- Born: 3 December 1993 (age 32) Gambia
- Occupation: Fashion Model
- Years active: 2020–present
- Modeling information
- Height: 1.73 m (5 ft 8 in)
- Hair color: Dark Brown
- Eye color: Brown

= Mariama Gaye =

Gambian-Swedish fashion model

Mariama Gaye (born 3 December 1993) is a Gambian-Swedish model known for her work in high fashion. She is a descendant of the royal Mali Empire and is an African princess. Gaye has worked with several prominent designers and brands and has appeared in numerous magazines including Vogue, Forbes, and Elle.

She is the first Gambian woman to be featured on Vogue Scandinavia.
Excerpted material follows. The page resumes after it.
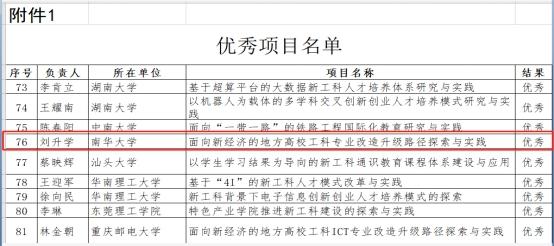 近日,教育部办公厅印发《关于公布首批新工科研究与实践项目结题验收结果的通知》(教高厅函〔2020〕12号),太阳网集团tcy8722副校长刘升学主持的项目《面向新经济的地方高校工科专业改造升级路径探索与实践》结题验收评价为"优秀",是湖南省属高校唯一评价为优秀的项目。

== Early life and education ==
Gaye was born in The Gambia, but moved to Sweden at the age of 6 to be reunited with her mother. She completed her high school education in social studies and media from Lundellska school in 2012. Currently, she is enrolled in the law program at Uppsala University.

== Modelling career ==
Gaye started her modelling career at the age of 25 after being encouraged by her cousin to apply to modelling agencies. She was rejected by two agencies before finally being accepted by a smaller agency. After a year, she was featured in Elle, Vogue and Forbes. Despite her success, she faced bullying from other models and a couple of designers which caused her to consider taking a break from modelling. However, she persevered and joined MIKAs, the biggest agency in Sweden. She has since walked in several fashion shows, including Stockholm Fashion Week in August 2021, where she did two different shows and one was also shown on London Fashion Week. She has also been featured in multiple Vogue shoots, including a shoot in Denmark in March 2022. In April 2022, she walked the runway at the Elle gala in Sweden.